PRESENCE MAROCAINE ET PRESENCE FRANÇAISE

(D'après les indices de la CIU de Paris) *

 

*Texte publié dans La vérité; n° 244 (17-23 février 2006). Pp 26-27

 

 

Mohamed Elmedlaoui

IURS – Univ. Mohammed V de Rabat

 

La morale

L'histoire a besoin d'une génération au moins pour se ressaisir dans certains de ses épisode. Ce qui semble atteint aujourd'hui pour les relations franco-marocaines.

 

Prétexte d'un rappel

 Le parcours d'un roi - Le Maroc de Mohammed VI

 

 

 

Le texte-2007 ici rappelé

 

«En ce jour, IX mai  de l'an MCMXXIII, en présence de M. Léon Bérard, ministre de l'Instruction Publique et des Beaux-Arts et de plusieurs autres personnages très notables, représentants qualifiés de plusieurs nations (…), le présent parchemin a été déposé par M. le recteur Paul Appel, président du Conseil de l'Université de Paris et par Monsieur Emile Deutsch de la Meurthe, citoyen français

C'est là un extrait du texte du parchemin scellé le 9 mai 1923, au centre de l’espace qui deviendrait par la suite la Cité Internationale Universitaire de Paris. Un texte gravé dans «la première pierre d'un groupe de construction destinées à pourvoir de logements salubres et économiques trois cent cinquante étudiants et étudiantes peu fortunés».  Le texte, ainsi gravé sur pierre, est toujours visible dans le flan nord à l’angle nord-est de la tour à horloge du bâtiment administratif du groupe de logements Fondation Deutsch de la Meurthe, actuellement (2005) et depuis plus d'un an, en rénovation.

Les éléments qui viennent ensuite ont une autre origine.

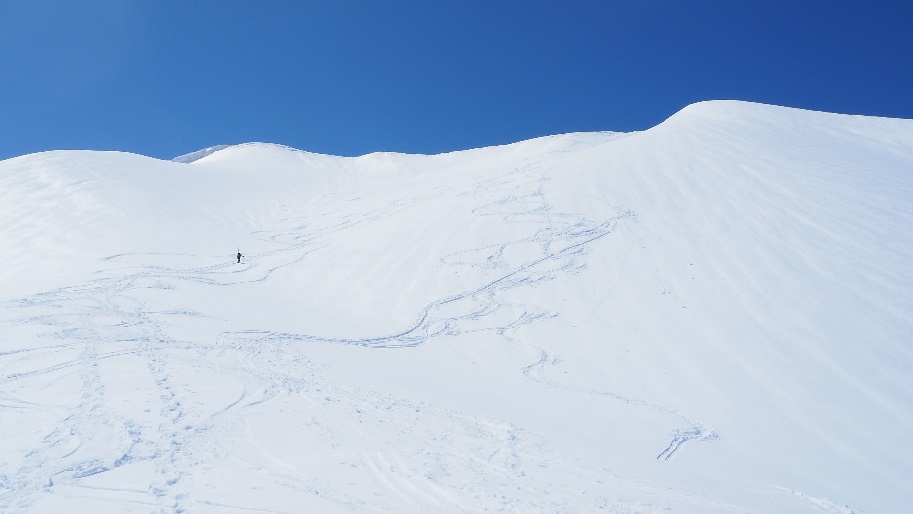 スキーにとっては快適な雪に程遠かったが、ロケーションを楽しみながら下る。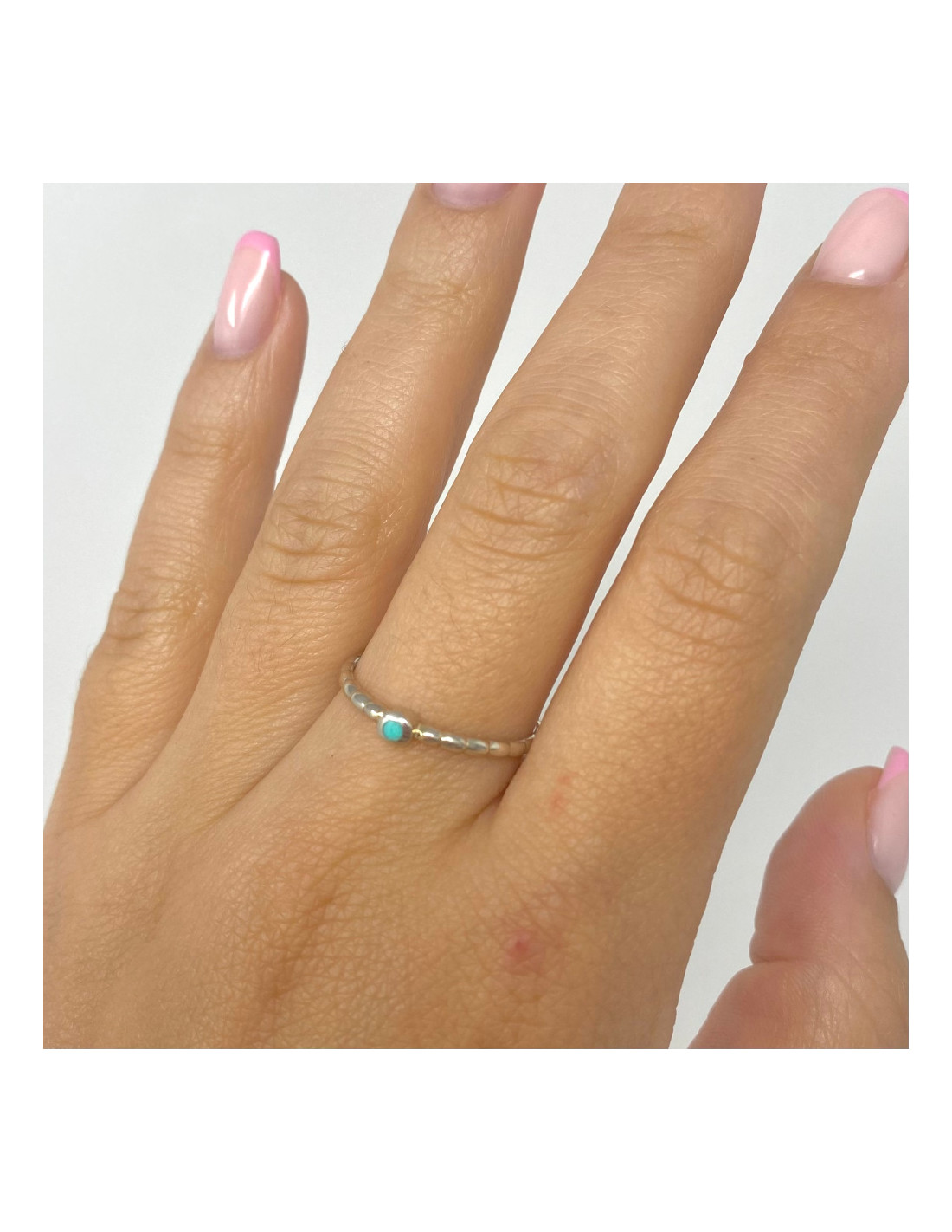 Anillo en plata de 1ª ley con piedra engastada color turquesa. Diámetro de la piedra de 3 milímetros.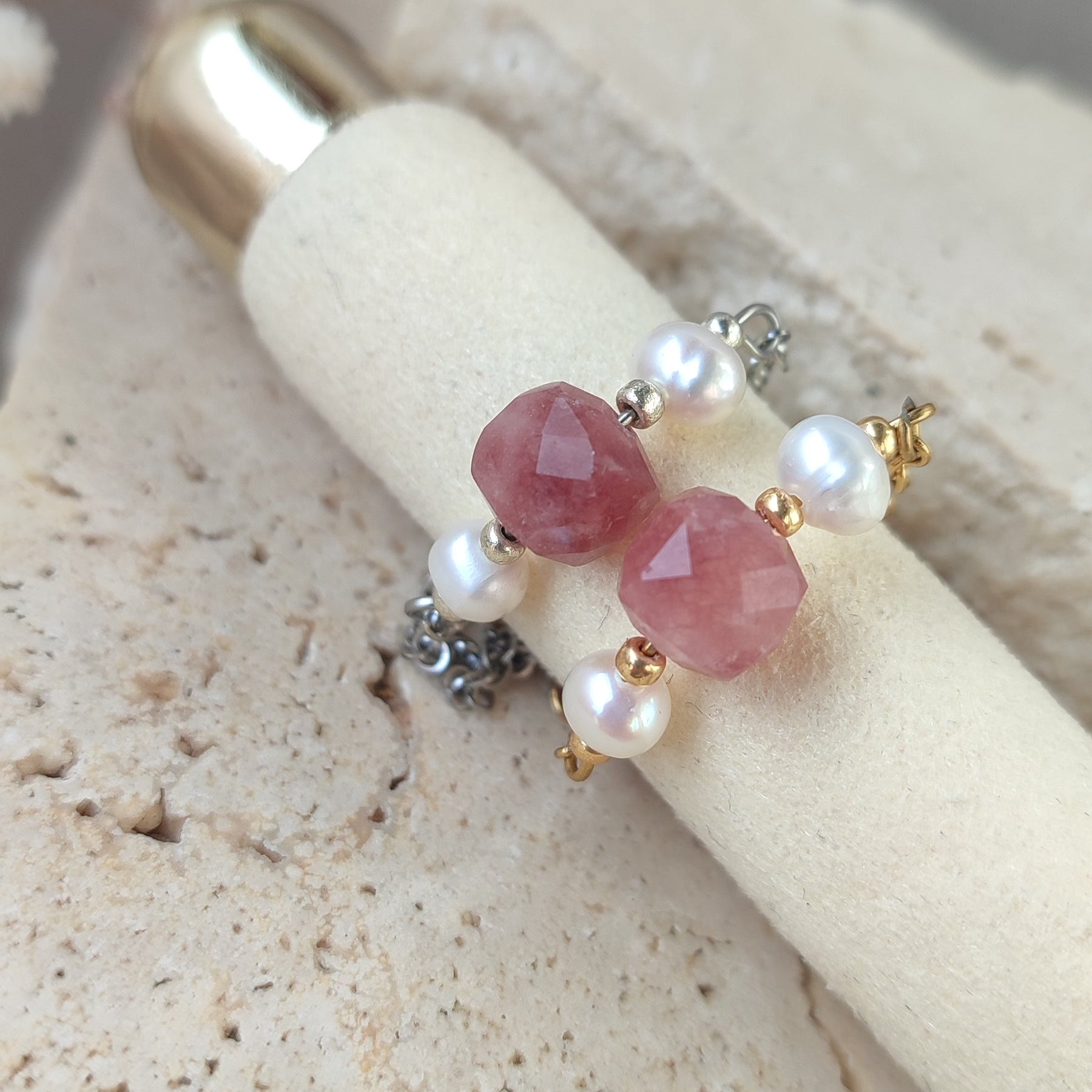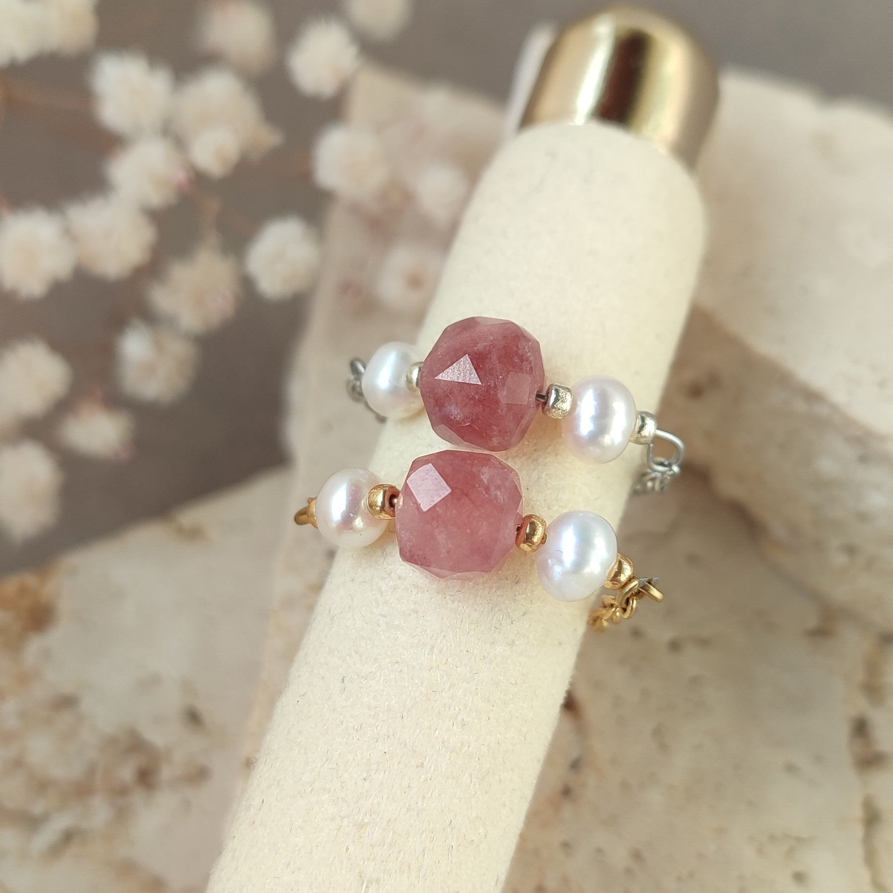 Pierres naturelles de quartz fraise et perles d'eau douce

Reconnaissant la générosité du mécène Emile Deutsch de la Meurthe, le texte ajoute que «Cette fondation, créée par lui, est la première de celles qui bientôt vont naître et vivre sur le même domaine, toutes destinées aux étudiants et dues à l'initiative de personnes généreuses, françaises ou étrangères, amis de la France. L'ensemble de ces établissements formera la Cité Universitaire, bourgade d'étudiants située entre le parc Montsouris et un autre parc spécialement aménagé pour eux par la sollicitude de la ville de Paris. Ainsi aura été allumé un foyer de culture française et humaine où trois milles étudiants venus de tous pays, pourvus de livres, de soleil et de plein air, rapprochés dans une émulation affectueuse et faisant honneur à la plus vielle université d'Europe, travailleront, de concert au perfectionnement harmonieux de leurs esprits et de leur corps, au progrès de la science et à  l'entente de leurs nations ».

 

Dans le cadre des initiatives généreuses, françaises et étrangères, dont parle le texte ci-dessus, et grâce à un mode de présence marocaine dans le monde, assurée malgré le protectorat ou grâce à lui, «une convention pour l'édification de la Maison du Maroc au sein du parc de la Cité Internationale Universitaire de Paris fut signée par le Gouvernement marocain le 4 juillet 1949. En octobre 1953, le pavillon du Maroc ouvrit ses portes aux étudiants». (http://www.ciup.fr/maroc.htm).

 

Aujourd'hui (2005), sous un autre mode d'existence marocaine dans le monde, plus d'un demi siècle après l'indépendance, les étudiant(e)s marocain(e)s, s'ils/elles l'ont jamais fait pleinement un jour, ne peuvent plus participer à cet espace académique  à la grecque ancienne où  «pourvus de livres, de soleil et de plein air, rapprochés dans une émulation affectueuse et faisant honneur à la plus vielle université d'Europe, travailleront, de concert au perfectionnement harmonieux de leurs esprits et de leur corps, au progrès de la science et à  l'entente [des] nations». Pour le faire il leur faudrait tout simplement, en plus d'un nouvel esprit industrieux, entrepreneur et pas nécessairement uniquement revendicatif et  militant dans tous les sens du terme, disposer d'une Maison du Maroc à porte ouverte, qui s'intègre pleinement, sur le plan gestionnaire, dans l'environnement du système de valeurs qui émane du texte de ce parchemin qui gît au fond de l'angle nord-est de la Fondation Deutsch de la Meurthe.

 

Or, depuis 07 novembre 2001, et suite à un débarquement d'étudiants SDF marocains dans les halls de cette maison le 3 septembre 2001 pour exiger un logement, auxquels s'est jointe, par solidarité, une partie des résidents de la maison pour appuyer leur refus d'évacuer l'établissement pour cause de travaux de rénovation déjà annoncés, le portail typiquement maure du n° 1, Boulevard Jourdan, aujourd'hui entièrement enseveli dans la forêt des échafaudages du chantier du tramway de Paris en cours de construction, a ses deux battants scellés jour et nuit, avec comme seule information un panneau de chantier à moitié caché par la tôle de clôture et où l'on ne peut lire que ceci "Travaux de rénovation de la Maison du Maroc. Maître d'œuvre: Maison du Maroc. Diagnostic et pré programme". Aucune autre précision.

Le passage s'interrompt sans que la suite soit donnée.